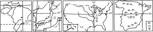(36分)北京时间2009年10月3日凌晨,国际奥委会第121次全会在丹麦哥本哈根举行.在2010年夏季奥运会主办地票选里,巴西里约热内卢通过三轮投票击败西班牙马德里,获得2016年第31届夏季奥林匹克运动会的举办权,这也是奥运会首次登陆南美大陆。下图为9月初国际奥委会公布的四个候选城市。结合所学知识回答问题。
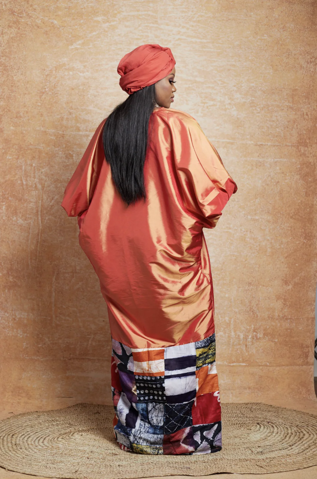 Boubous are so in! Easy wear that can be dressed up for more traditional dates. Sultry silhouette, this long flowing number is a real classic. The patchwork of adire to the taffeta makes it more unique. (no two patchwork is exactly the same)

* * *

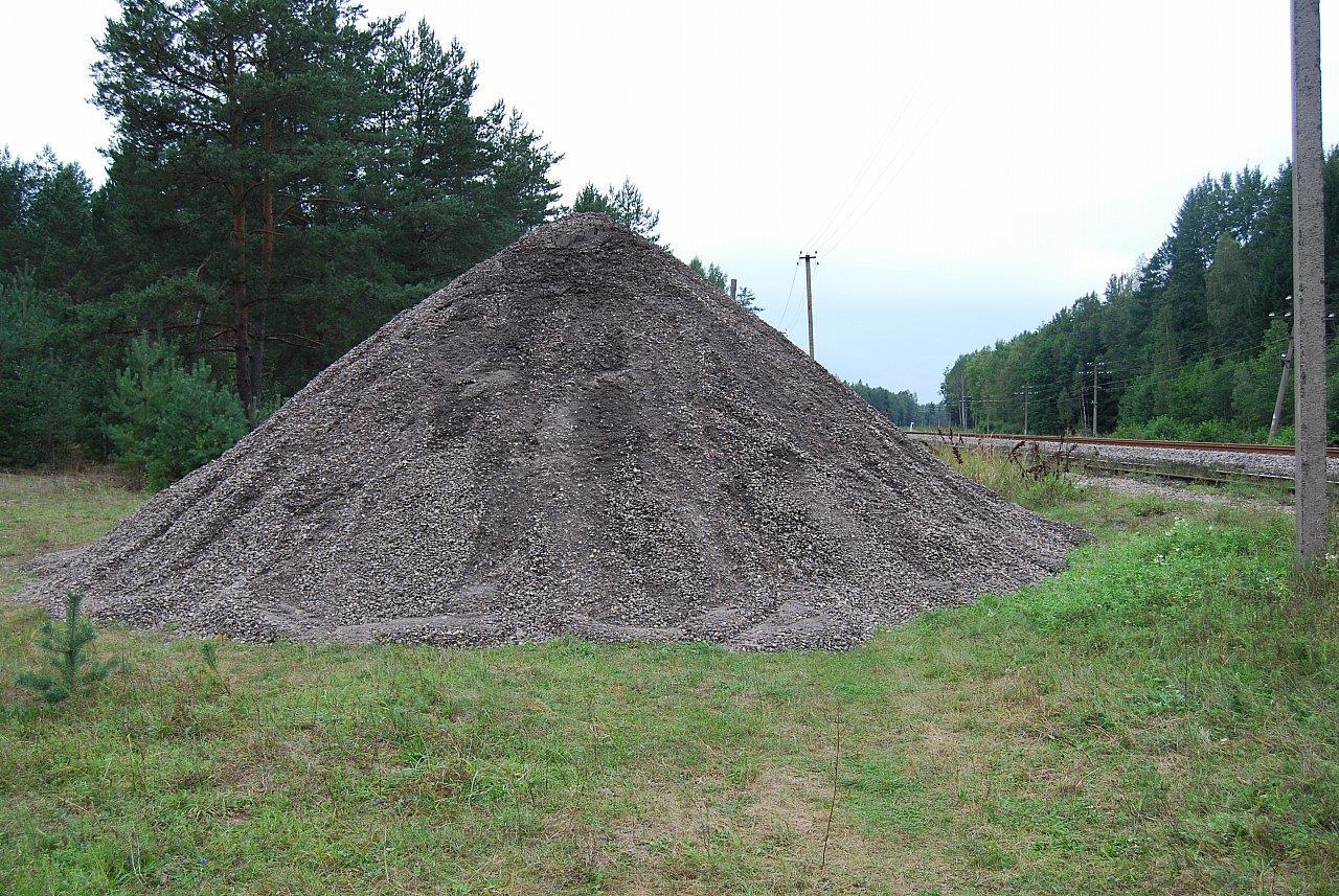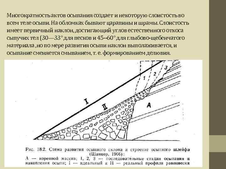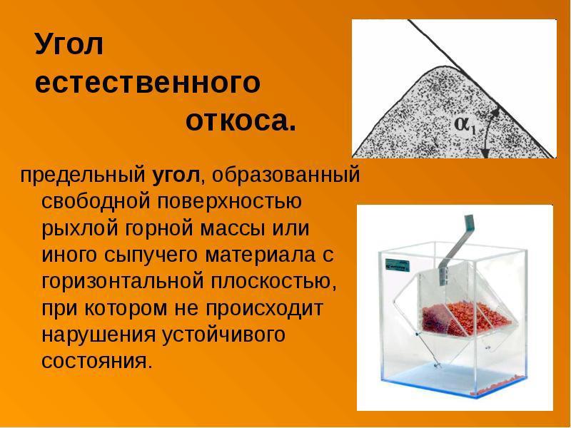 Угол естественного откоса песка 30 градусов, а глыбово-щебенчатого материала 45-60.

* * *

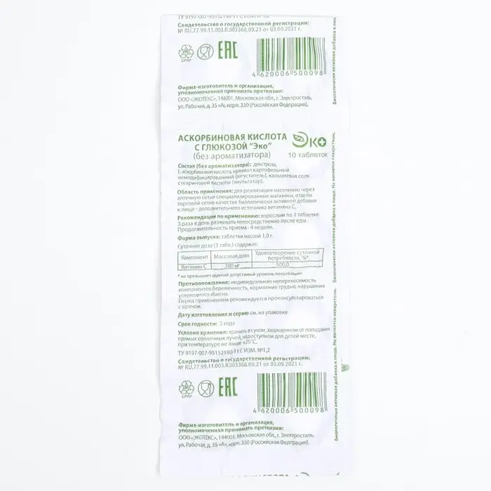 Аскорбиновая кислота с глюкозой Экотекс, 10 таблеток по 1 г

### What you are asked to do
What is wanted is an exact copy of the lines above from the one containing "(36分)北京时间2009年" through the one containing "Boubous are so", with no pictures in it.

### Exercise output
(36分)北京时间2009年10月3日凌晨,国际奥委会第121次全会在丹麦哥本哈根举行.在2010年夏季奥运会主办地票选里,巴西里约热内卢通过三轮投票击败西班牙马德里,获得2016年第31届夏季奥林匹克运动会的举办权,这也是奥运会首次登陆南美大陆。下图为9月初国际奥委会公布的四个候选城市。结合所学知识回答问题。
 Boubous are so in! Easy wear that can be dressed up for more traditional dates. Sultry silhouette, this long flowing number is a real classic. The patchwork of adire to the taffeta makes it more unique. (no two patchwork is exactly the same)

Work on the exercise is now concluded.